To meet health and emissions targets outlined by the UN Sustainable Development Goals, we will need to cut in half our consumption of unhealthy foods worldwide. This means halving our intake of red meat for example, which has not only has numerous health consequences but has a massive carbon footprint. At the same time we need to double our intake of healthy foods including nuts, fruits, vegetables, and legumes.

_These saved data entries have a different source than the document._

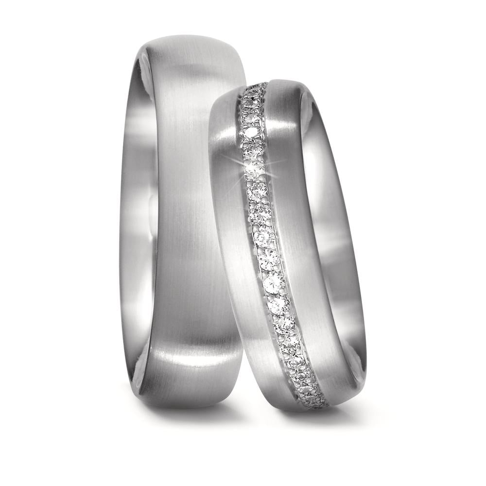 Schlichter und eleganter Partnerring aus 750er Weissgold. Die matte Oberfläche verleiht dem Ring einen modernen, zeitlosen Look. Perfekt für Paare, die schlichte und hochwertige Trauringe suchen, die täglich getragen werden können. Komfortabler Sitz garantiert.
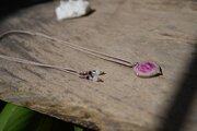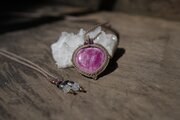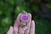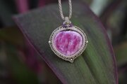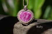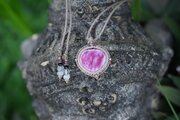 ピンクの気持ち★ハートシェイプ★ルビー マクラメネックレス1979
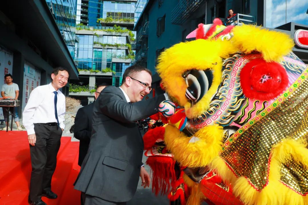 舞獅環(huán)節(jié)更是氣氛熱烈。前有領(lǐng)導(dǎo)為瑞獅點(diǎn)睛,又寓意為“點(diǎn)金”;后有瑞獅采青接青,預(yù)祝深圳辦事處開張大吉,生意興隆。
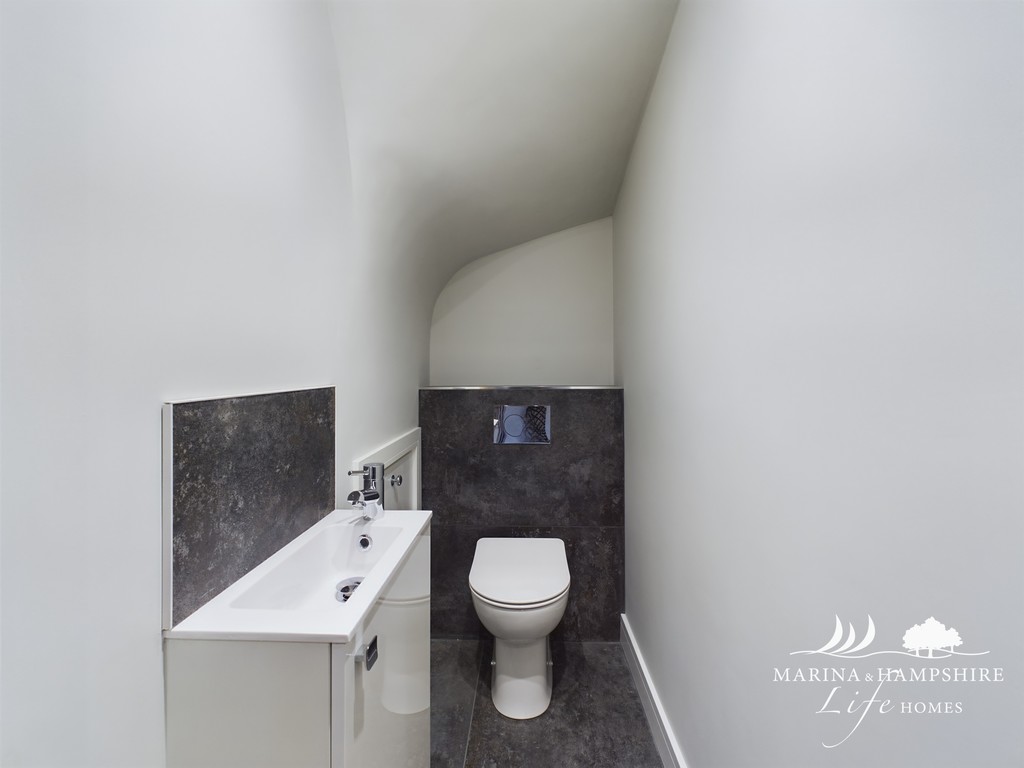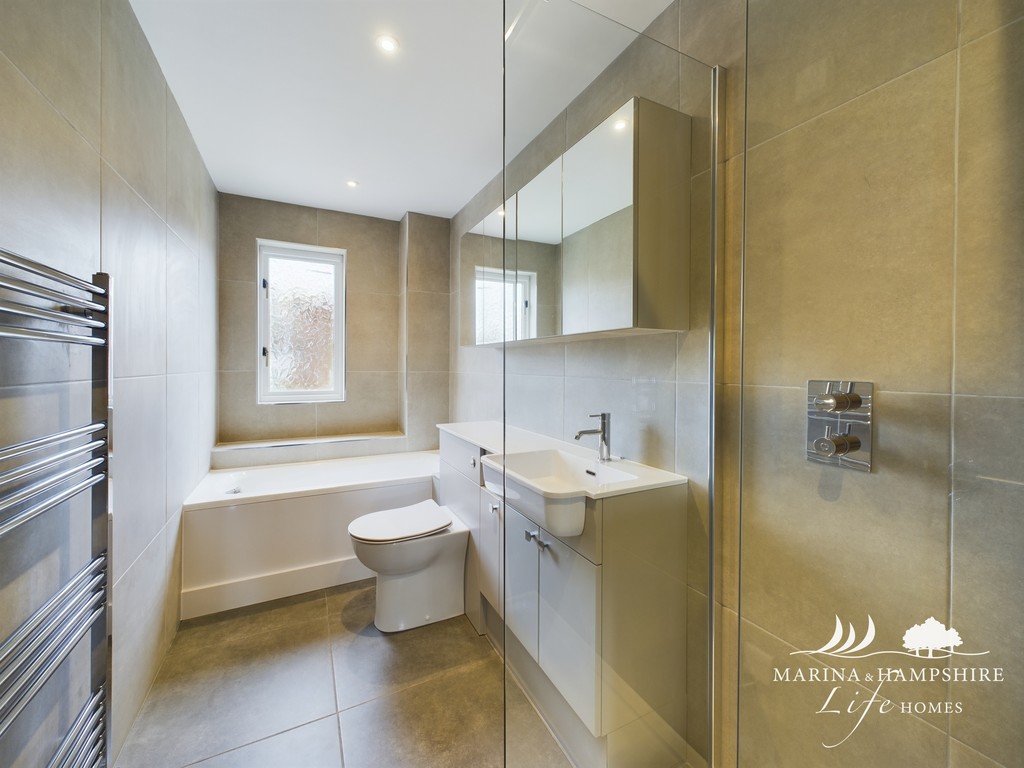 The contemporary theme continues on the second floor where you will find the recently fitted bathroom which is fully tiled to walls and floor and includes bath, wash hand basin inset into white gloss vanity unit and WC with concealed cistern. There is a separate shower cubicle with thermostatic shower fitted. The bathroom is finished with inset spotlights to the ceiling, heated towel rail and triple mirrored wall cabinet.
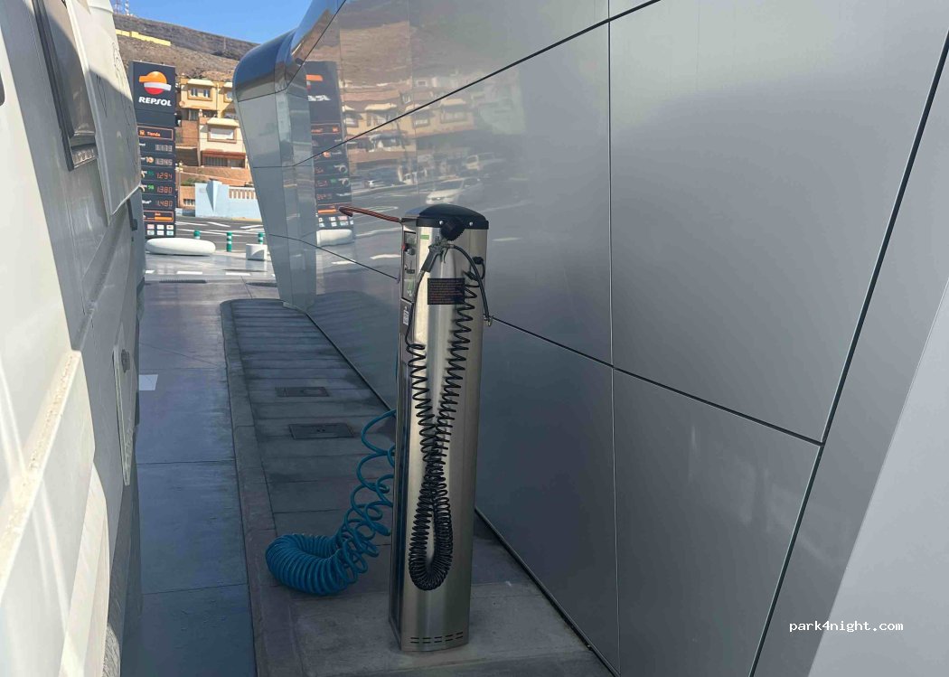 Todo perfecto. 1€ para 100litros más o menos de agua limpia. La rejilla de agua grises, en mi caso, quedaba la furgo algo inclinada. Lugar limpio. Ojalá todos los servicios fueran así!!!

Doing so would not only avoid at least six million (and as many as 11 million) premature deaths every year from health problems like diabetes and heart disease, it will also significantly reduce emissions from our food system.

Ideally, the EAT-Lancet report will help inform national health guidelines, as well as agriculture policy—both of which are important levers of governmental power in reforming the food system. We can't afford not to put the health of today's eaters, and future generations ability to sustain themselves, at the center of our policies. But after spending years working on food policy in Washington, I know well the importance and the limitations of government guidance on what we eat.

The food that will appear on supermarket shelves and menus in the future will arrive there based on cultural demands, combined with investments that companies make. Our culture is changing, but given the challenges we face, food companies and investors are dramatically underinvesting in the food system of the future.

There's a role for all of us to play here. The only way investors and companies will focus on reducing the cost of nutritious foods—food that also has a lower environmental impact—is if we exert pressure on the food system from our own dinner tables and in restaurants and school cafeterias.

In my years cooking and learning about food cultures all around the world, I've learned that there is no such thing as fixed, traditional food. Even within strong culinary traditions, food is always evolving, whether by choice or circumstance. What we're realizing now, and what the EAT-Lancet report clearly shows, are the ways that our food traditions must to evolve to ensure that people today and in the future have enough nutritious food to eat, and a safe, stable planet on which to enjoy it.

Sam Kass is the former White House Chef and Senior Policy Advisor for Nutrition in the Obama administration.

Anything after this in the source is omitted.